PostgreSQL Backup – How to Do Per-Tenant Backups for Multi-Tenant Databases?

backupmulti-tenantpostgresqlrestore

Are there any best practices, experiences or guidelines when it comes to do per-tenant backups/restores in a microservice multi-tenant application?

In my case I have multiple Postgres servers which are regularly backed up as a whole. Each of them contains a single database which is migrated using Flyway.
The single database contains one schema with all the tables with the data of all tenants. Tenants are identified by UUID and all the data has foreign key relations so that e.g. one tenant can easily be deleted.

Now there's the requirement to be able to do restores for an individual tenant. I have found very little about the entire topic so far, but the only process I have come up with so far is this:

  • Restore all the backups to a different set of databases or different database servers
  • Spin up a new instance of each microservice so that it can start in isolation and is able to perform the necessary database migrations, if required
  • Delete the tenant from each of the production databases
  • Execute script or code in each service that identifies the data in the respective restored database and copy exactly these rows over to the production database

However doing or automating this seems like a disproportionate effort to me. I'm specifically looking for alternative (simpler) approaches, tools or databases that can simplify this process or actual experience how other people approach this problem.

Best Answer

Postgres has no feature to ferret out semantically a subset of the rows in your tables. Nor does any other database I’ve heard of.

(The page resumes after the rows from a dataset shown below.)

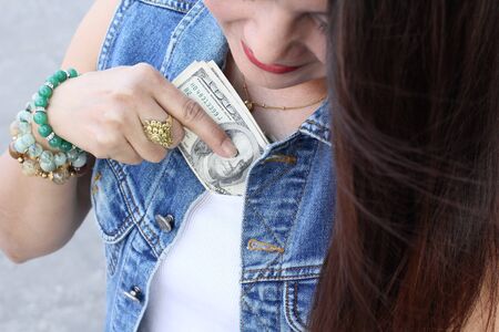Close up hand of businesswoman holding banknote into pocket. Profitable investment. The exchange of currencies. Money to buy debt securities increase revenue. Hand puts dollar bills in the pocket jeans. The concept of giving a bribe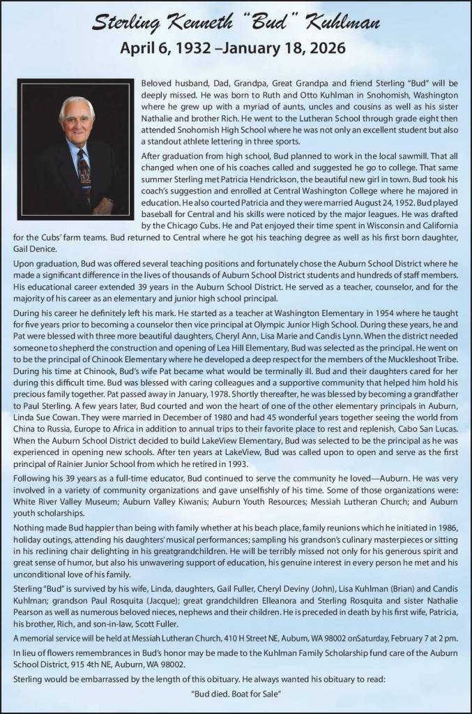 In lieu of flowers remembrances in Bud’s honor may be made to the Kuhlman Family Scholarship fund care of the Auburn School District, 915 4th NE, Auburn, WA 98002.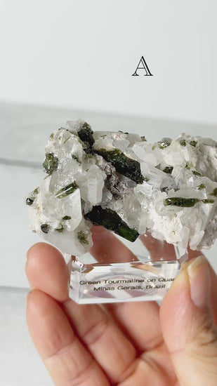 Green tourmaline on quartz forms in pegmatite environments where mineral rich fluids move through cavities and fractures in the host rock. As these fluids cool, quartz crystallizes first, creating a stable base. Under the right conditions, tourmaline crystals then grow directly onto or through the quartz, bonding the two minerals together.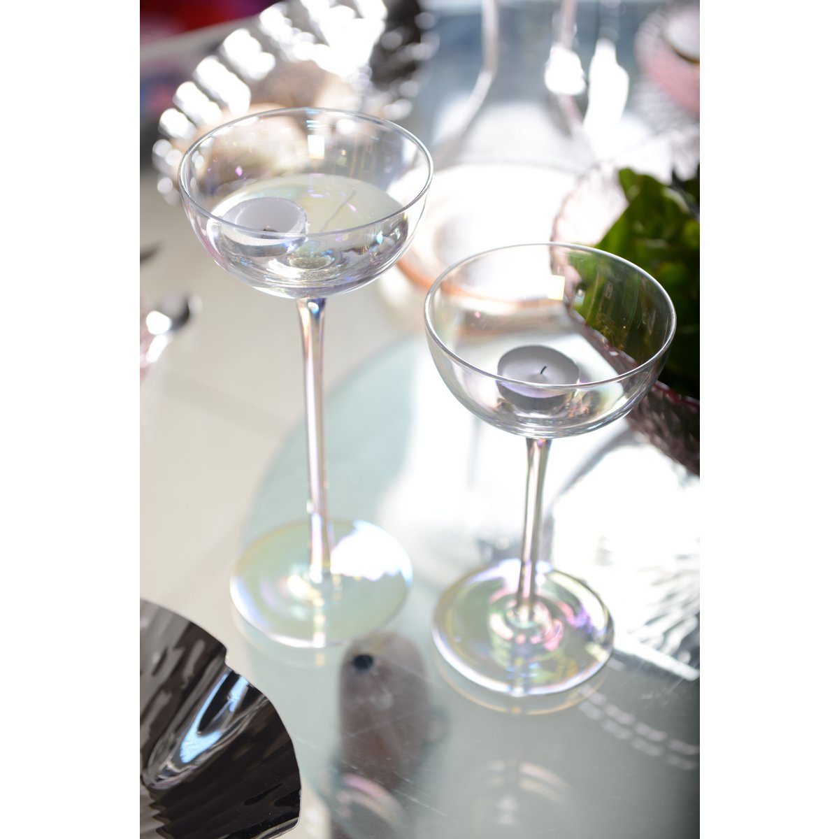 Ideal to decorate a party table or to illuminate a relaxation area, these pearly glass candle holders integrate perfectly with any type of decoration. Their harmonious and sparkling design brings a touch of elegance, while creating a soothing atmosphere.

You will need to write your own code to retrieve just the one tenant’s rows from each of the relevant tables. This code might be in your app, or might be done on the server within Postgres.

Also, you’ll need to decide if any other tables not split by tenant should also be copied into each tenant’s backup.

I have heard about some database vendors considering features to support multi-tenancy explicitly. The database would understand that the data for each tenant should be considered separate and kept in logical and/or physical silos. But I don’t know of any such products ready for production yet.